Mortgage considerations for non-Japanese in Japan

Applying for a mortgage can be a cumbersome process in any country. For many non-Japanese looking to buy real estate in Japan, trying to get a loan from a Japanese bank is a daunting task. But with the right information and help, that job becomes much easier.

Even before you begin, however, there is a question of timing—is this the right moment to invest? Prices have risen 18% over the past three years and yields have dropped to the 4–6% range. When yields fall, it can be sign of a pending correction. But in the September 2016 edition of UBS’s Global Real Estate Bubble Index, the top four cities were listed as Vancouver, London, Stockholm and Sydney. Tokyo was regarded as experiencing a price boom, but not in risk territory.

Meanwhile, a Bloomberg article on 11 October 2016 highlighted the turnaround in bond yields, which have sent fixed mortgage rates higher. A Deutsche Bank analyst has forecast that real estate prices will fall 20% by 2018.

It is perhaps fair to say, then, that purchasing is still a good consideration, but buyers need to be careful of liquidity, avoid areas with over supply and consider their exit strategy.

Money matters
Mortgage rates have been falling steadily. According to a spokesperson from a mainstream lender Mizuho, fixed rates have fallen approximately 0.4% over the past two years. Last month, a client settled on a three-year fixed-term rate of 0.4%, which is the lowest I have ever seen. The remaining 32 years of the loan are fixed at 1%. This was a so-called Flat 35 loan, which carries a guarantee by a Japanese government institution.

Long-term fixed rates are affected by Japanese government bond yields, since banks cover their mortgage book by purchasing government bonds. This means that if short-term interest rates are negative but long-term yields increase, fixed-term rates can become more expensive.
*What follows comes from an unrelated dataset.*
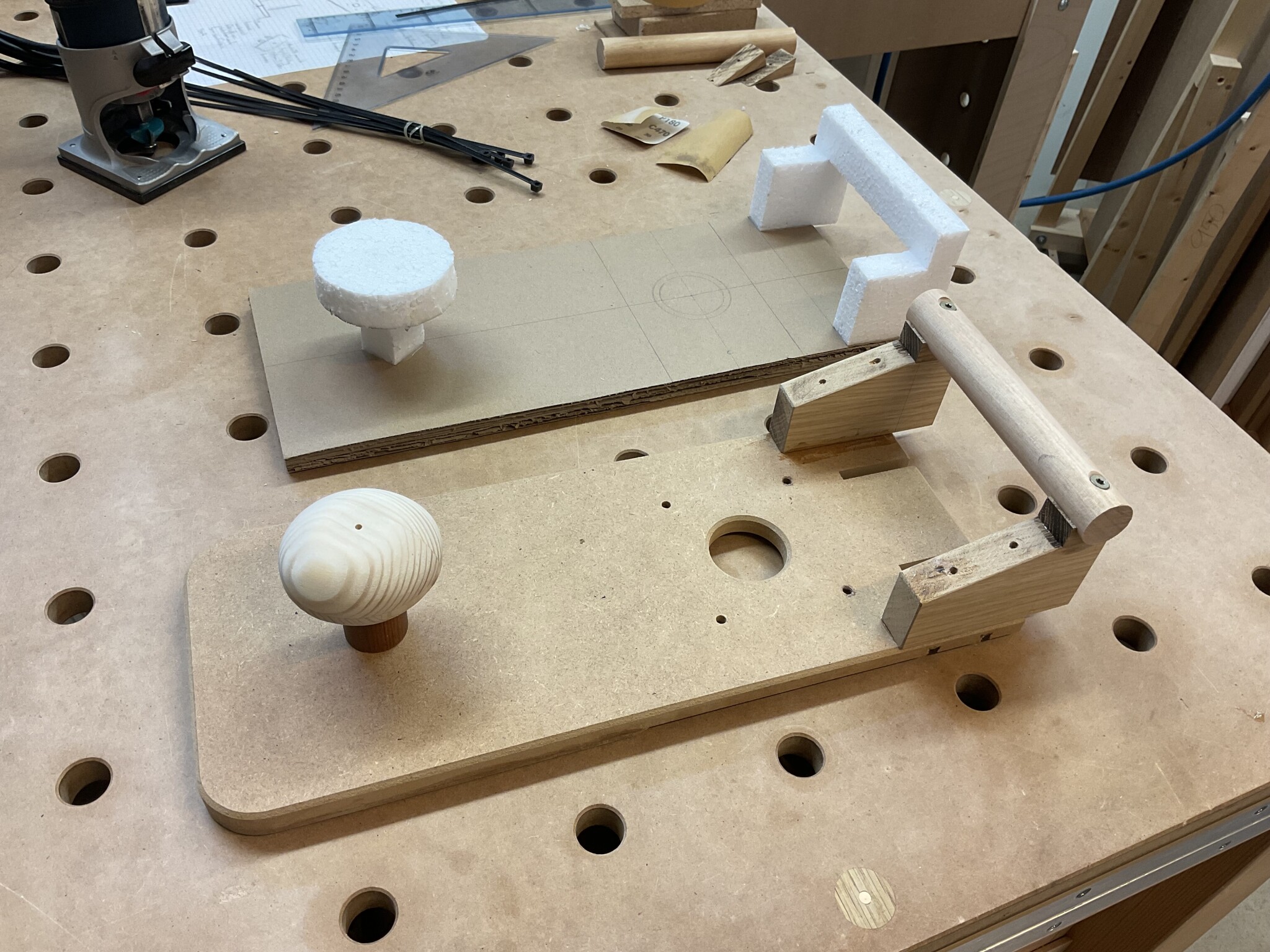 Prototyp och färdigt resultat sida vid sida. Handfilad knopp och ett fult handtag i björk och ek; känns faktiskt bra och jag tror att det blir relativt enkelt att hålla tyngden på knoppen och bara styra fräsningen med handtaget.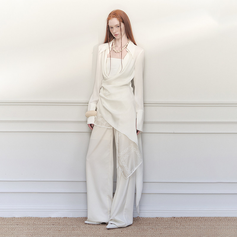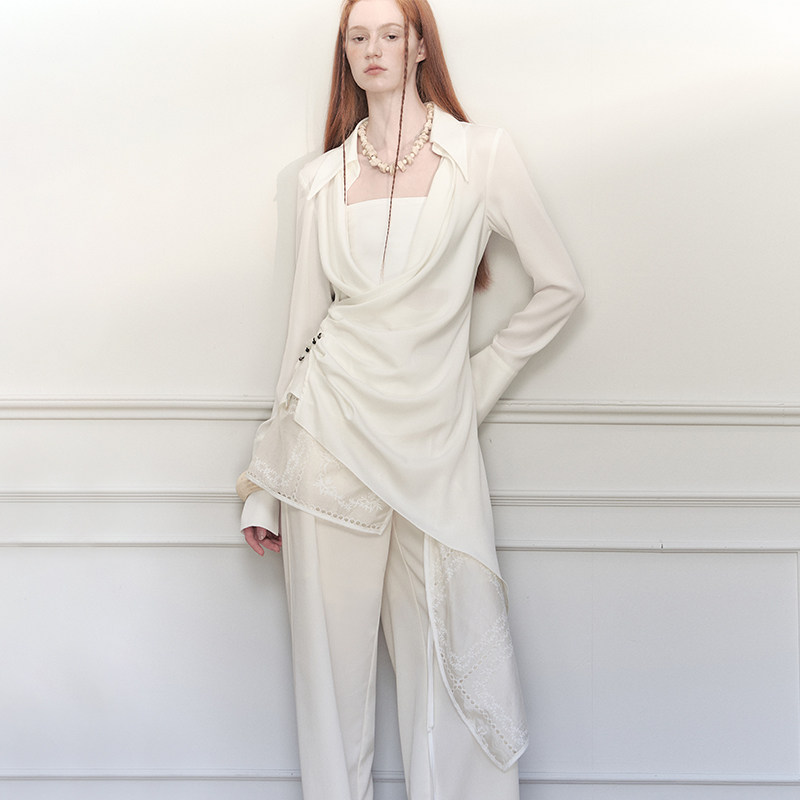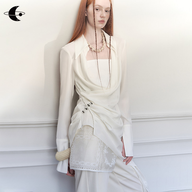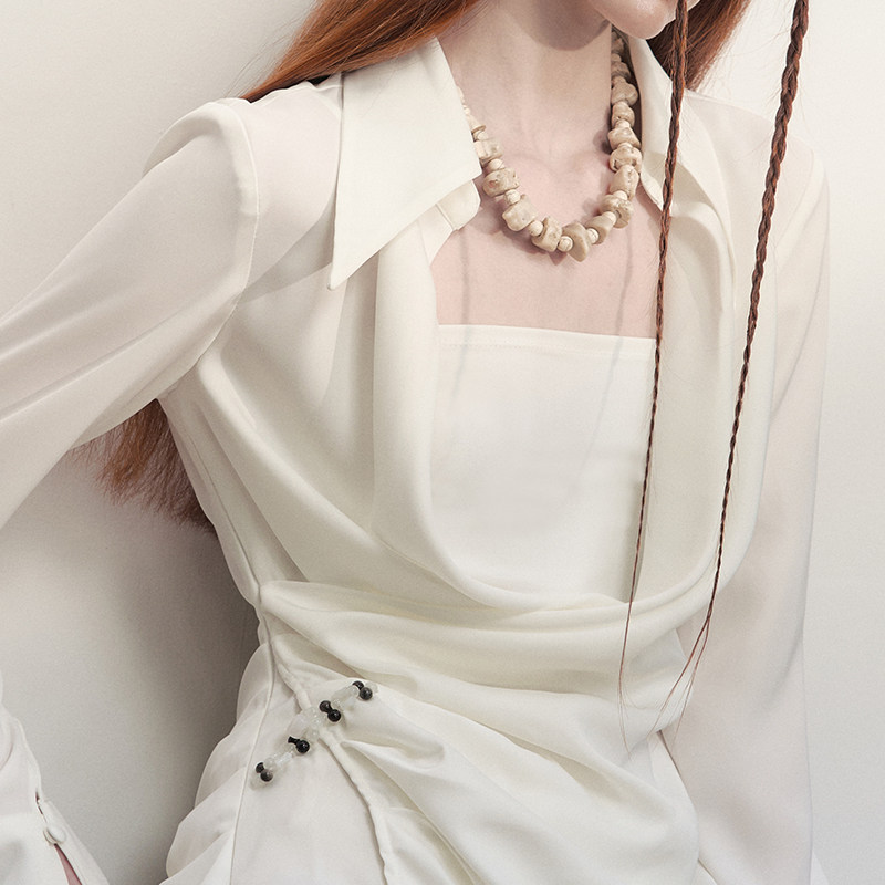 📚 创世纪元【褶叙流光】中式手工盘扣缎面荡领衬衫法式气质修身上衣

For non-Japanese, there are a few added complications when it comes to securing a mortgage. Applicants must have been in Japan for at least three years and have a valid zairyu (residence) card. Mortgages are not extended to those covered by the US–Japan Status of Forces Agreement without a guarantor. For foreign nationals and Japanese alike, it is more difficult if you are self-employed or a company president, but the choice is wider if you have permanent residence or a Japanese spouse who can act as loan guarantor.

Proper approach
Overall, there are more choices available these days, and banks are more familiar with applications lodged by non-Japanese, so they are a bit more flexible than before. Some banks have responded to the demand from overseas buyers, especially in jurisdictions where the banks have a presence and are comfortable with reciprocal laws such as Taiwan and Singapore.

That said, many foreigners underestimate the level of documentation required by banks in Japan and assume that lending practices common in their home country are the same in Japan. For example, in Japan it is difficult to refinance a property bought for cash, but in many countries it is not.

The most important factors, however, are visa status, length of time in Japan and salary—all more so than an applicant’s asset base. Some clients may want a big loan, but through tax mitigation strategies keep their salary low. This makes lending difficult, especially for representative directors of companies, where the bank usually wants to see three years of positive company tax returns and criteria is stricter.

Not having permanent residence, a Japanese spouse or sufficient language skills can limit the choice of banks and influence rates. Further, some banks can be reluctant to lend to applicants who cannot fully understand the loan contract in Japanese for fear of potential liability.

What you get
Having met all the criteria, what is available?

It is sometimes possible to get a full loan, that is, 100% of the money required for residential and investment property. However, most banks are more comfortable if the borrower can make a down payment of 10–20% of the property value.

Most banks in Japan offer variable rates and fixed rates, both for up to 35 years for residential property. In October 2016, high street banks such as Mizuho typically offered variable residential rates of 0.625% and 1.47% for fixed rates over a term of 35 years.

For investments in real estate, these rates will vary according to the property, the size of the down payment and the loan size, but some common rates are between 1.5–2.65% per year.